"Ideas, in a sense, are overrated. Of course, you need good ones, but at this point in our supersaturated culture, precious few are so novel that nobody else has ever thought of them before. It's really about where you take the idea, and how committed you are to solving the endless problems that come up in the execution." - Hugo Lindgren, "Be Wrong as Fast as You Can", New York Times Magazine, Jan. 6, 2013 (italics mine)
Writers get asked where they get their ideas all the time. I confess I find this rather frustrating, because it implies that once you've got an idea for a story, the hard part's over.
I wish.
As Mr. Lindgren notes, you still have to develop the idea as uniquely as you can, as well as deal with the "endless problems" that come up as you write. For instance, a dramatic plot twist that sounded cool when you first got the idea eventually backs your characters into a corner with no way out (at least, not one that's believable).

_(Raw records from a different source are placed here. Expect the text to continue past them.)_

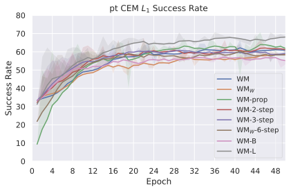 In [tab:all_planners_model_comp], we compare the performance of our model to the DINO-WM and VJEPA-2-AC baselines across all planner configurations tested in 5. Our optimal JEPA-WM consistently outperforms the baselines on most tasks and planners, as in [tab:final_model_comp_baselines].
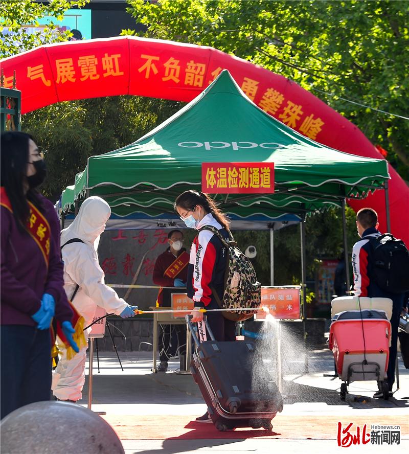 打赢两场仗、誓夺双胜利。河北省各地抓疫情防控不放松,抓高质量发展不动摇,推动疫情防控向好态势不断巩固,经济社会秩序加快恢复。图为河北省普通高中毕业年级学生统一开学时,石家庄市第一中学工作人员在为学生消毒行李箱。河北日报记者耿辉摄
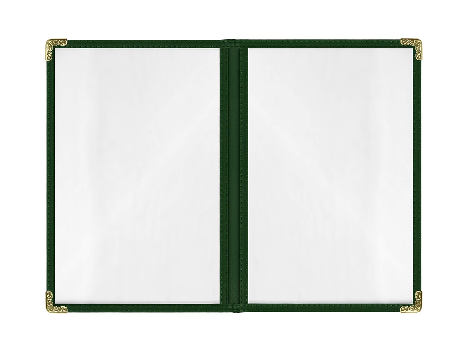 Goodsmart Restaurant Menu Covers – 25 Pack Green 4-View, Side-Loading Menu Holders, Vinyl & Plastic Café Menu Covers, Clear Menu Sleeves, Fits 5.5" x 8.5", Leather-Style Design, Gold Corners
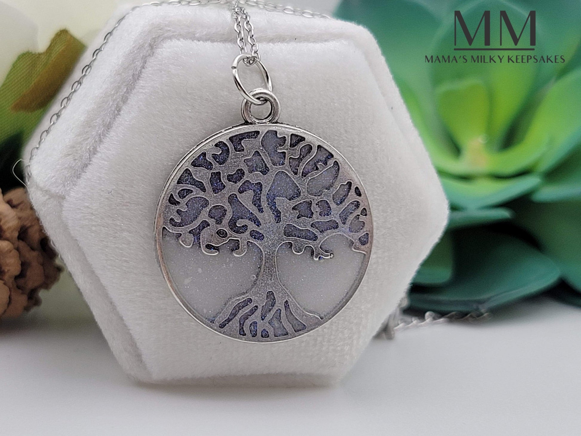 This 28 mm tree of life necklace pendant is filled with milk stones throughout the entire pendant.
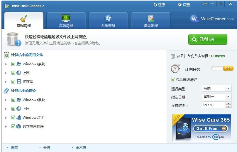 Wise Disk Cleaner是一款功能强大、操作简单的磁盘垃圾清理工具。Wise Disk Cleaner界面清新简洁,支持简体中文版,容易操作清理不需要的系统垃圾文件,使系统运行得更快更高效。Wise Disk Cleaner具有强大的系统垃圾扫描与清理服务,可以帮助用户轻松清理多种系统垃圾,有了它你就能轻松滴把垃圾文件请出你的电脑,它能识别多达50种垃圾文件哦。
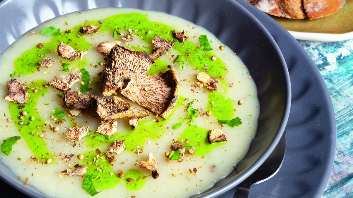 Servis sırasında çorbanın üzerine gezdirilen yeşil yağ, kenara ayrılan kanlıca mantarları ve serpiştirilen kişniş tohumu ile birlikte sunum adeta görsel bir şölene dönüşüyor.

Or something appears in dialogue from you-don't-know-where-in-your-subconscious that takes your character in a new, exciting direction but that also requires a major rewrite to earlier chapters. And those are just two of the possibilities.
To put it another way, ideas are easy, it's the writing that's hard.
But to quote from A League of Their Own, "It's the hard that makes it great." Because when you've made it from initial idea to finished novel or story or article, it's all yours, baby. You did it, and you alone. You got the idea, you did the work, you finished your book. Whether or not it gets published, you've done something thousands of people with "a great idea" - or, more sadly, no ideas at all - only ever talk about, and that's definitely a cause for celebration.